Evaluation of a Previously Developed Predictive Model for Infective Endocarditis in 320 Patients Presenting with Fever at 4 Centers in Japan Between January 2018 and December 2020

Background

Diagnosing infective endocarditis (IE) is difficult due to its non-specific manifestations and physical and laboratory findings [1]. When using the modified Duke criteria (m-DC), various advanced medical modalities, including multiple blood cultures, transthoracic or transesophageal echocardiography, computed tomography (CT), and magnetic reasoning image (MRI), are required [2]. Thus, reaching a definitive IE diagnosis is almost impossible at medical facilities that do not have access to these modalities. It is also impractical to perform these examinations on all patients with fever of unknown cause, even in hospitals that provide high-level medical services, because of the burden on patients and medical staff, as well as the high medical cost. In such situations, antibiotics may be administered before obtaining blood culture samples [3,4], possibly making diagnosis more difficult and with a poorer prognosis [4,5].

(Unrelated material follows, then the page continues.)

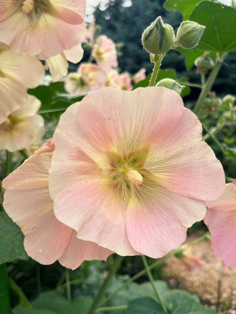 いつもの濃いピンク、薄いピンク、白、黄色とも違う色のタチアオイ。

Therefore, developing prediction models that are easier to use than the m-DC and that are usable before performing examinations with advanced medical modalities is desirable. Previous prediction models can only be used after detection of specific bacteria, such as Staphylococcus aureus, Viridans streptococci, or Enterococcus spp., by blood culture [6–10]. Thus, in a previous single-center case-control study, we developed an IE prediction model for use in patients with undiagnosed fever (UF) at a rural university hospital in Japan, which was reported in 2021 [11]. The prediction model formula is as follow: −8.350 + {transfer by ambulance (Present=4.087, Absent=0)} + {cardiac murmur on admission (Present=2.844, Absent=0)} + {pleural fluid (Present=1.440, Absent=0)} + {neutrophil count (%)×0.090} + {platelet count (103/μL)×(−0.057)}. The predictive occurrence of IE is then calculated according to the following formula: 100×exp(score) ÷ {1+exp(score)}. This model makes it possible to evaluate the probability of IE immediately after admission without knowing the blood culture results using only simple and readily available indicators, including ambulance transfer; presence of cardiac murmur; presence of pleural effusion; blood neutrophil percentage; and platelet count. However, it is unclear whether our model is also valid at other hospitals because the characteristics of patients and the reasons for ambulance transfer may differ among regions [12]. Therefore, this study aimed to evaluate a previously developed predictive model for IE in 320 patients (completely different patients from our previous study) presenting with fever at 4 centers in Japan between January 2018 and December 2020.

Material and Methods

ETHICAL CONSIDERATIONS:

The Ethics Committee of Saga University Hospital approved the study (file number: 2020-11-R-10), which was conducted in accordance with Ethical Guidelines for Medical and Health Research Involving Human Subjects in Japan and the Declaration of Helsinki. The requirement for written informed consent was waived by the Ethics Committee of Saga University Hospital due to the retrospective study design. All patients were informed about the purpose of the study via the website of the clinical research center of each university hospital and provided consent as per the comprehensive agreement method. Patient anonymity was protected. This study is registered in the University hospital Medical Information Network (UMIN) at www.umin.ac.jp (UMIN ID: UMIN000042965).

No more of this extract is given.